Il sondaggio ha anche mostrato che le allocazioni obbligazionarie nei portafogli globali sono diminuite di un importo record, raggiungendo un sottopeso netto del 15%. Al centro di questo pessimismo c'è un grande cambiamento nelle aspettative sulla politica monetaria statunitense: i trader stanno riducendo le loro scommesse su tagli aggressivi dei tassi di interesse poiché la più grande economia del mondo rimane forte e i funzionari della Fed hanno espresso un tono cauto su quanto rapidamente abbasseranno i tassi.
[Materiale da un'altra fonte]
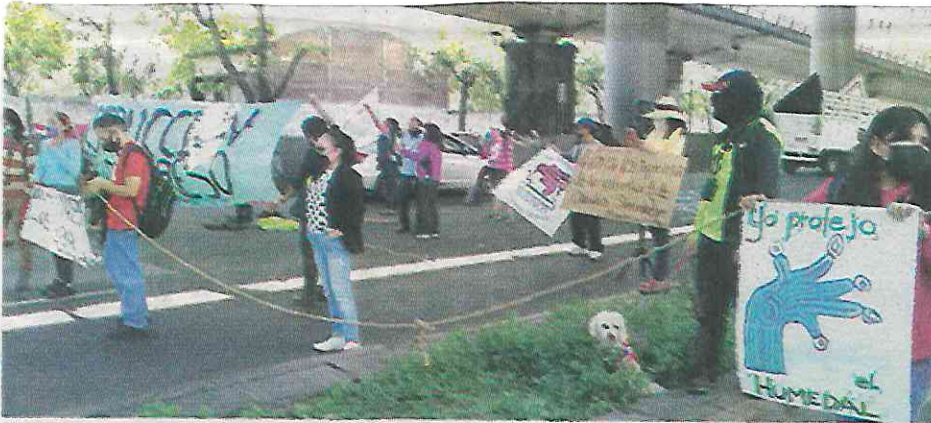
Integrantes de los pueblos, en una de las manifestaciones en defensa del humedal

Ad aumentare le preoccupazioni del mercato c'è la possibilità di un'inflazione più alta e di deficit fiscali maggiori se i repubblicani vinceranno le prossime elezioni presidenziali statunitensi.
Il mercato petrolifero è stato in bilico da quando le tensioni geopolitiche sono scoppiate un anno fa in Medio Oriente - una regione che produce una grossa fetta del petrolio mondiale. E le cose sono peggiorate un mese fa dopo che Israele ha giurato di sferrare un attacco di rappresaglia contro l'Iran. Ma l'attacco ampiamente previsto, che ha avuto luogo domenica scorsa, ha evitato le infrastrutture energetiche dell'Iran, alleviando i timori di una grave interruzione delle forniture di petrolio dato che il paese rappresenta circa il 3% della produzione mondiale di greggio. Ciò ha fatto crollare i prezzi del petrolio lunedì, con Brent - il benchmark petrolifero internazionale - che è sceso fino al 6%, segnando il suo più grande calo giornaliero in oltre due anni. Anche il WTI, l'equivalente statunitense, è sceso di un importo simile.
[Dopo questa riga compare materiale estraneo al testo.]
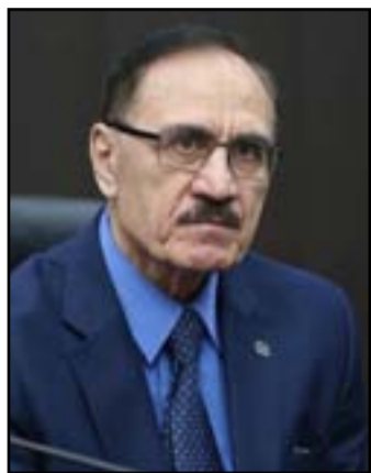
د شامل كامل

وعن سبب عدم الاجتماع مع الهيئة العامة قبيل موافقة الفيغا على النظام الجديد، قال: "أولاً عمل التطبيقية بموجب مسار مُحدّد من الفيغا وليس وفقاً لنهجها، وثانياً سيكون هناك مؤتمر للعمومية لغرض المصادقة النهائية على النظام الأساسي 2020 ولديهم كامل الحرية للتأييد أو الاعتراض على كل فقرة فيه، ويمكن إعادته الى الفيغا لبيان رأيه حول أي ملاحظة".

Con il Medio Oriente che evita un'altra escalation di tensioni (per ora), i trader stanno spostando la loro attenzione dai rischi geopolitici alla prospettiva di un grande surplus di petrolio nel 2025. Vedi, l'OPEC+ - il gruppo dei maggiori paesi produttori di petrolio del mondo - ha ridotto volontariamente la sua produzione dal 2022, ma prevede di annullare gradualmente questi tagli alla produzione a partire da dicembre. A quasi sei milioni di barili al giorno, questi tagli rappresentano circa il 6% della domanda globale. La cosa è che questi tagli alla produzione hanno avuto un impatto minimo sulla produzione globale di petrolio perché i produttori al di fuori del gruppo - in particolare negli Stati Uniti e in Canada - sono stati più che felici di colmare la differenza.
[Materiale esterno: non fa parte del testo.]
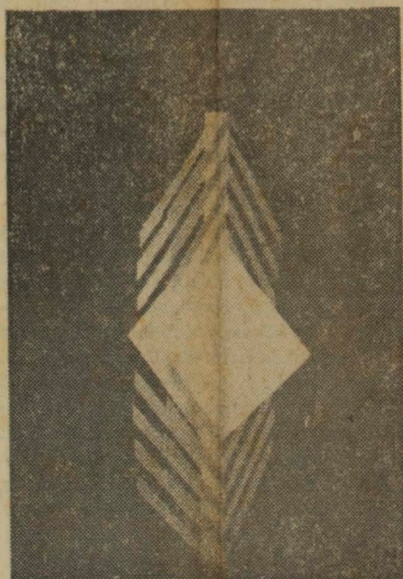
Concretion, Sacilotto, 1960, alumínio.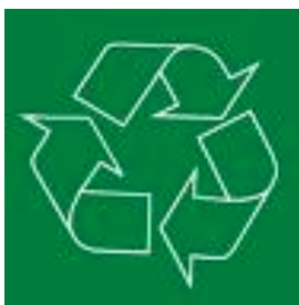
Kuva 1. Kierrätysmerkki

Virallisia ympäristömerkkejä Joutsenmerkin lisäksi on Euroopan Unionin ympäristömerkki – Ekotuotemerkki, ns. EU-kukka, joka on tunnettu koko EU:n alueella. Tekstiilejä voidaan merkitä omalla ÖKÖ-Tex100-merkinnällä, joka tarkoittaa ettei valmistuksessa käytetä haitallisia aineita. Lisäksi on olemassa kierrätysmerkki, joka on myös koko EU:n alueella tunnettu. (Liesimaa 1995, 16-27.)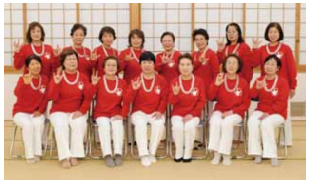
手話ダンスクラブ多々良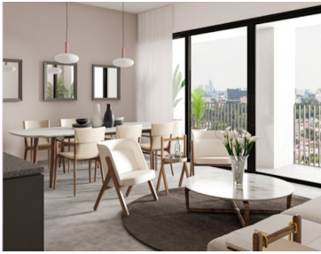
Lounge con television Lounge with television

Quindi, quando si combinano l'aumento dell'offerta di petrolio dal Nord America e dall'OPEC+ con una domanda debole da un'economia lenta, non è difficile capire perché il mercato si aspetta un'eccedenza l'anno prossimo - e potenzialmente oltre. A titolo di esempio: l'Agenzia internazionale per l'energia ha avvertito a giugno che il mondo si troverà ad affrontare un'eccedenza di petrolio "sbalorditiva" pari a milioni di barili al giorno entro la fine del decennio.